* **Data for this task**

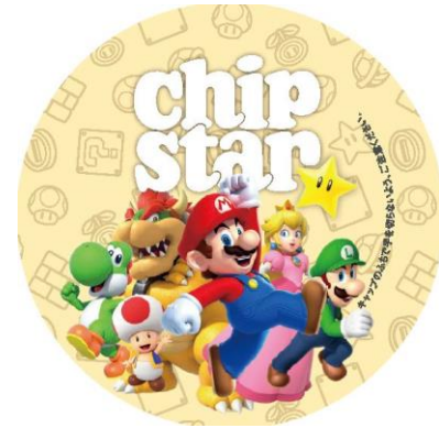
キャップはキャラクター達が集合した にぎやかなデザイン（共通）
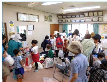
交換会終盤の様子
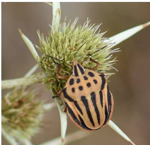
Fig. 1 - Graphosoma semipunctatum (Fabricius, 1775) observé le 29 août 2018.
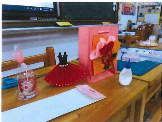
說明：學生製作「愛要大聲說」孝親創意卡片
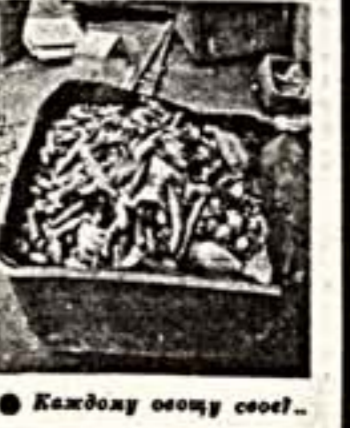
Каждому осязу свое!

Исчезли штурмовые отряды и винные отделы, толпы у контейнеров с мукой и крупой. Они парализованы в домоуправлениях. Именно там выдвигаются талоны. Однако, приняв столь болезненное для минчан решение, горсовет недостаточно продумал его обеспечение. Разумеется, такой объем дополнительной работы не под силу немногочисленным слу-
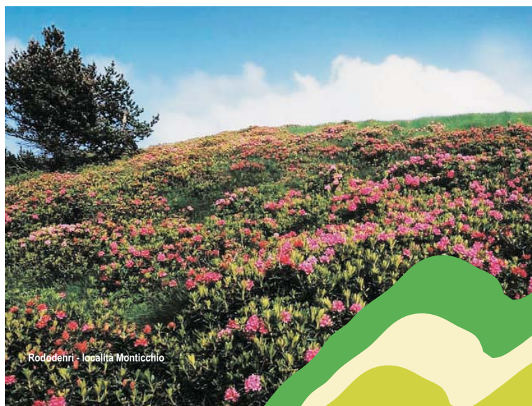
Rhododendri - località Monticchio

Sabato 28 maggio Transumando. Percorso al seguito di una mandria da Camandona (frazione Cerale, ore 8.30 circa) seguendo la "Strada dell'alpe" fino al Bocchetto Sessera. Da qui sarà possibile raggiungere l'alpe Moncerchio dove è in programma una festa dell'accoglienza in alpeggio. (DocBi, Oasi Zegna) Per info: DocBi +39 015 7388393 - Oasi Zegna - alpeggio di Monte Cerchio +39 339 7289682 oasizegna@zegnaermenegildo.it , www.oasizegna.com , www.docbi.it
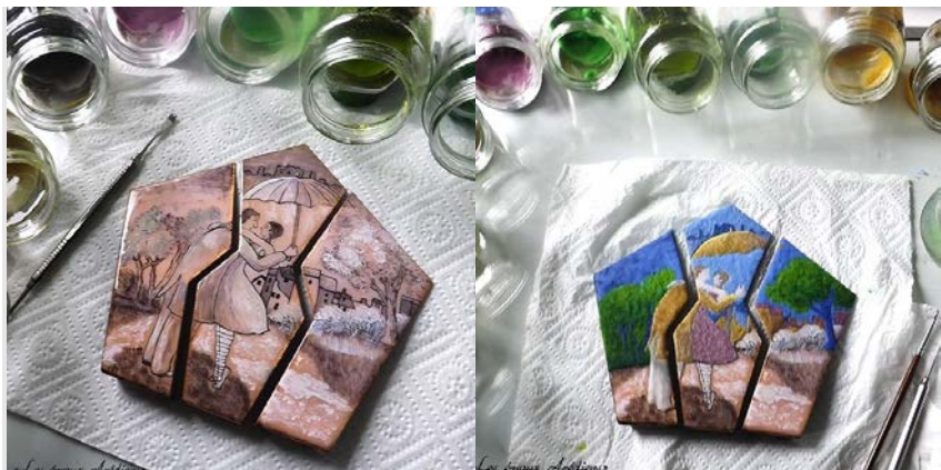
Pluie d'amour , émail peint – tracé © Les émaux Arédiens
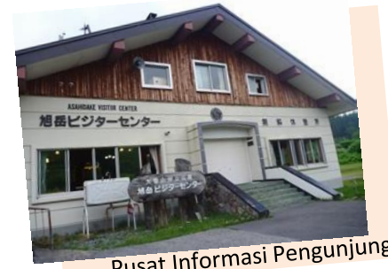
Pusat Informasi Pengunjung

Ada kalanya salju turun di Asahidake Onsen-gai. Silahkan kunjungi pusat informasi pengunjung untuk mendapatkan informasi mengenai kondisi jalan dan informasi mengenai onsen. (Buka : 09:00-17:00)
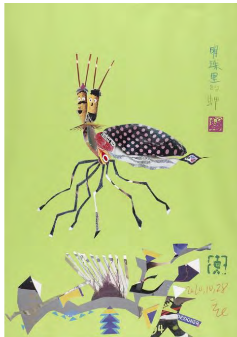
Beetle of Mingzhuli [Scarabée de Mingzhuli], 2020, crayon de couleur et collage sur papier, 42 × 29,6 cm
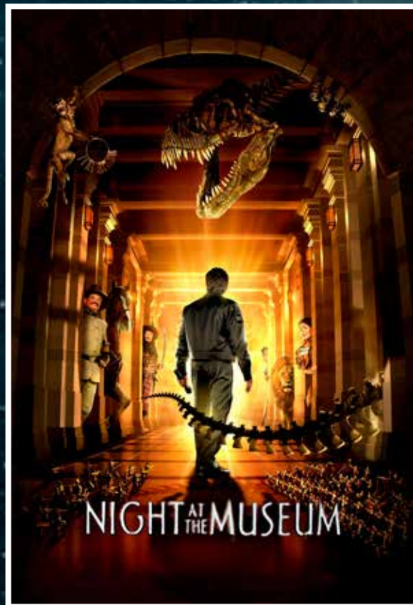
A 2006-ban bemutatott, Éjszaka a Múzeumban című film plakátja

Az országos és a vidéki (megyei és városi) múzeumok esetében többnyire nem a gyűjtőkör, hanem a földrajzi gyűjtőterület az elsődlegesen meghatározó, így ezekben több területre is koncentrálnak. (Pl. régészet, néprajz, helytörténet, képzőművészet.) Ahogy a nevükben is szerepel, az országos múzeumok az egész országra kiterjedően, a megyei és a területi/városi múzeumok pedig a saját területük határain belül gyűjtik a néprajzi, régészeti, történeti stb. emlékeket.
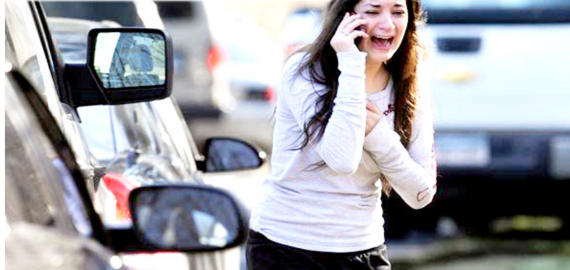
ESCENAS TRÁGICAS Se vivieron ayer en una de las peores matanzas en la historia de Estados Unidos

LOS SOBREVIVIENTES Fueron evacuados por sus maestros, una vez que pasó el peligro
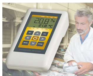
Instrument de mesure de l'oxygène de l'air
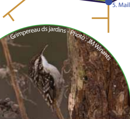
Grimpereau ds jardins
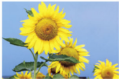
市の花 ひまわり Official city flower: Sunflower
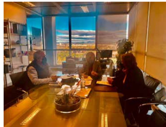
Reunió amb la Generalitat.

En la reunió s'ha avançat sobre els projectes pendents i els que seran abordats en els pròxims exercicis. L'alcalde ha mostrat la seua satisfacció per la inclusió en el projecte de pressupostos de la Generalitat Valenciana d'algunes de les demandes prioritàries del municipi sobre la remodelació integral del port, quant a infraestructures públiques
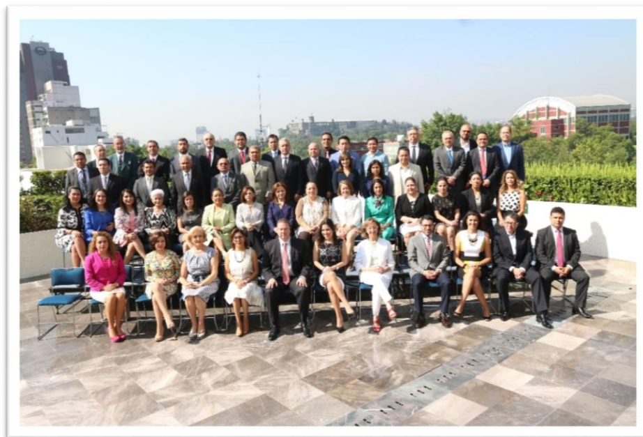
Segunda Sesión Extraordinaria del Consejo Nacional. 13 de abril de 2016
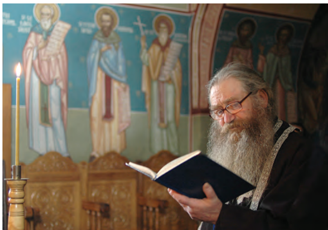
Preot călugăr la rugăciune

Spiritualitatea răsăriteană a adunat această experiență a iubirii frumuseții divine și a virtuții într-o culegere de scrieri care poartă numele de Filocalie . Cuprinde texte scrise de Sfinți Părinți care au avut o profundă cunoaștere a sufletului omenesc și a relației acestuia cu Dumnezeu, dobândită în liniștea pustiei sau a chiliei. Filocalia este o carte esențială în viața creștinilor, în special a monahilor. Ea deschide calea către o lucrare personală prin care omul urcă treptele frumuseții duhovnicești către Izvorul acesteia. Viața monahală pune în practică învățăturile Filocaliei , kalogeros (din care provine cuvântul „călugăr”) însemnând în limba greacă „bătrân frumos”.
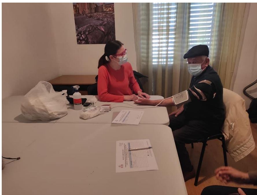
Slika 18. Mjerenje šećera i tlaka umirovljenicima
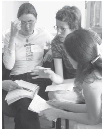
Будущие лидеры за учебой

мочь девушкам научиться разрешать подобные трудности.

* **Assignment**
For this task, return exactly the stretch of the listing above from the line with "En la reunió" through the line with "Preot călugăr la rugăciune", inclusive and without pictures.

* **Finished task**
En la reunió s'ha avançat sobre els projectes pendents i els que seran abordats en els pròxims exercicis. L'alcalde ha mostrat la seua satisfacció per la inclusió en el projecte de pressupostos de la Generalitat Valenciana d'algunes de les demandes prioritàries del municipi sobre la remodelació integral del port, quant a infraestructures públiques
Segunda Sesión Extraordinaria del Consejo Nacional. 13 de abril de 2016
Preot călugăr la rugăciune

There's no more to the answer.